Celebration ideas for the kitchen
Send a healthy message with healthy eating days! Here are some ideas for fun and healthy food themes.
Top tips for success
- Plan a calendar of promotions at the start of each year or term
- Plan well in advance and promote extensively to ensure their success
- Link in with the curriculum to reinforce nutrition messages
- Decorate the centre to get everyone excited
Health days
Your calendar of promotions could include weekly activities or one-off events, such as:
Fruitilicious Fridays
Offer additional fruit snacks and drinks
Veggie or Veg Out Wednesdays
Trial a different vegetable recipe each week, such as stuffed eggplants or pumpkin pie
Wrap It Up!
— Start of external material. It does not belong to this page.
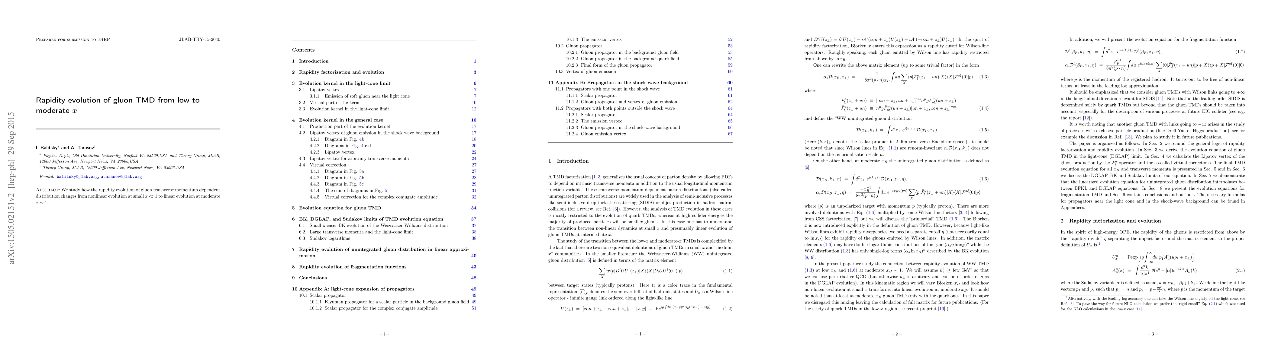 We study how the rapidity evolution of gluon transverse momentum dependent distribution changes from nonlinear evolution at small $x \ll 1$ to linear evolution at moderate $x \sim 1$.

Day
Trial a new wrap or roll filling, such as chicken satay and salad wrap
Super Smoothie Day
Trial making smoothies one day a week, using fresh or frozen fruits – a popular combination is fresh strawberries with half a banana, a dollop of reduced fat natural yoghurt, a drizzle of honey and reduced fat dairy or soy milk.
Cultural events
Explore the Orient
(e.g. for Chinese New Year in February)
- Stir-fried noodles with vegetables
- Chicken and corn soup
- Steamed vegetable spring rolls, sushi/nori rolls or Vietnamese rice paper rolls
A ‘Taste of Italy’ day
- Healthy pizzas made from pita bread, tomato pasta sauce and healthy toppings, such as plenty of vegetables, lean meat and reduced fat cheese
- Vegetarian wholemeal pasta served with a bean bolognaise sauce and sprinkled with a reduced fat cheese (ricotta or cheddar)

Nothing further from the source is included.